On 29/12/2019 08:30, Fabien COELHO wrote: > >>> I'm wondering what it should do on N, 0 and 0, 0. Raise an error? >>> Return 0? Return 1? return N? There should be some logic and comments >>> explaining it. >> >> Well, gcd(N, 0) is N, and gcd(0, 0) is 0, so I don't see an issue here? > > I think that there should be a comment. Done. >>> It does not seem that fixing the sign afterwards is the right thing to >>> do. I'd rather turn both arguments positive before doing the descent. >> >> Why isn't it the right thing to do? > > Because I do not trust C modulo as I had a lot of problems with it? :-) > > If it works, but it should deserve a clear comment explaining why. Surely such a comment should be on the mod functions and not in this patch. > >>> Which raises an issue with INT_MIN by the way, which has no positive:-( >> >> That's an argument against abs-ing the input values. It's only an issue >> with gcd(INT_MIN, INT_MIN) which currently returns INT_MIN. > > That should be an error instead, because -INT_MIN cannot be represented?
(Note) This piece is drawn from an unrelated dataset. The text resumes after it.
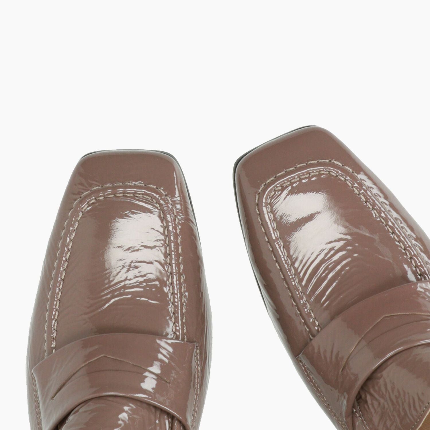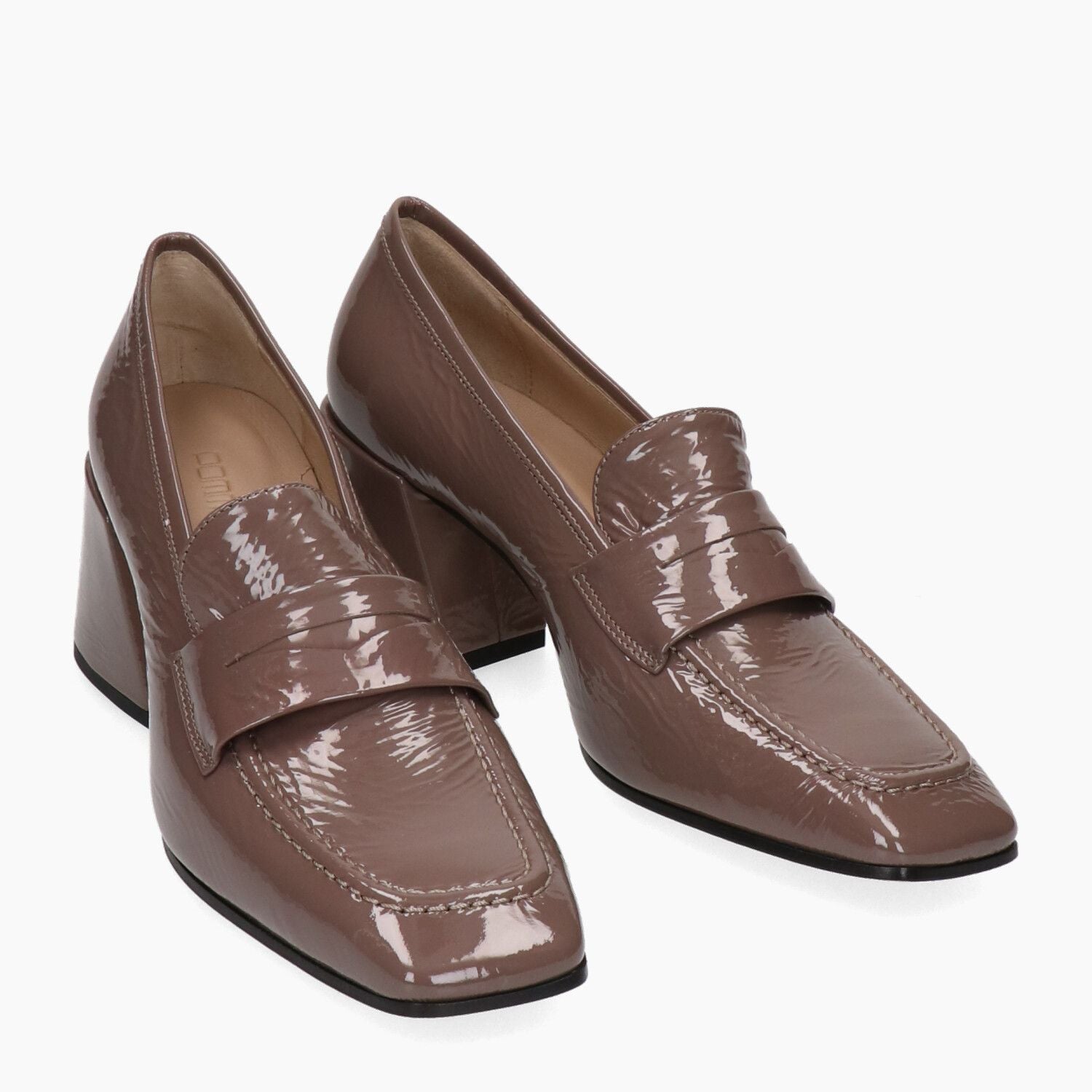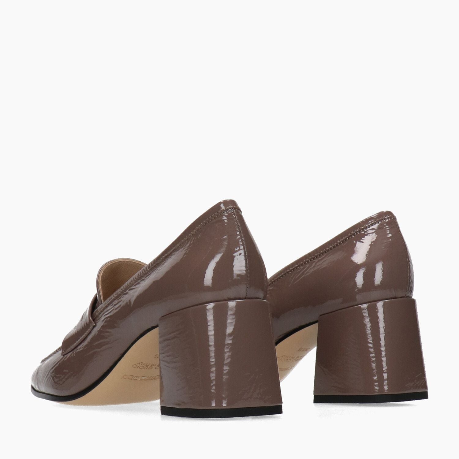 Mokassins mit taubengrauem Lackleder-Obermaterial. Quadratische Zehenpartie. Lederfutter. Ledersohle mit Gummiinnensohle. 5 cm Absatz. Damenkollektion Pomme D'Or.

Why should it error? Is INT_MIN not a valid divisor of INT_MIN? I added a comment instead. >>> Also, the usual approach is to exchange args so that the largest is >>> first, because there may be a software emulation if the hardware does >>> not implement modulo. At least it was the case with some sparc >>> processors 25 years ago:-) >> >> The args will exchange themselves. > > Yep, but after a possibly expensive software-emulated modulo operation? > I'll just trust you on this. Swap added. Thanks! -- Vik
Attachment
On 12/29/19 02:30, Fabien COELHO wrote: >>> C modulo operator (%) is a pain because it is not positive remainder >>> (2 % -3 == -1 vs 2 % 3 == 2, AFAICR). >> >> This does not seem to be the case... > ... > Because I do not trust C modulo as I had a lot of problems with it? :-) If I recall correctly (and I'm traveling and away from those notes), the exact semantics of C's % with negative operands was left implementation-defined until, was it, C99 ? So it might be ok to rely on the specified C99 behavior (whichever behavior that is, he wrote, notelessly) for PG 12 and later, where C99 is expected. Regards, -Chap
Hello, >> Because I do not trust C modulo as I had a lot of problems with it?:-) > > If I recall correctly (and I'm traveling and away from those notes), > the exact semantics of C's % with negative operands was left > implementation-defined until, was it, C99 ? Indeed, my woes with C % started before that date:-) By Googling the C99 spec, I found: "When integers are divided, the result of the / operator is the algebraic quotient with any fractional part discarded (aka truncation toward zero). If the quotient a/b is representable, the expression (a/b)*b + a%b shall equal a." Let a = 2 and b = -3, then a/b == 0 (-0.666 truncated toward zero), then (a/b)*b + a%b == a => 0 * -3 + (2 % -3) == 2 => 2 % -3 == 2 Then with a = -2, b = 3, then a/b == 0 (same as above), and the same reasoning leads to -2 % 3 == -2 Which is indeed what was produced with C, but not with Python. The good news is that the absolute value of the modulo is the module in the usual sense, which is what is needed for the Euclidian descent and allows fixing the sign afterwards, as Vik was doing. > So it might be ok to rely on the specified C99 behavior (whichever > behavior that is, he wrote, notelessly) for PG 12 and later, where > C99 is expected. Yep, probably with a comment. -- Fabien.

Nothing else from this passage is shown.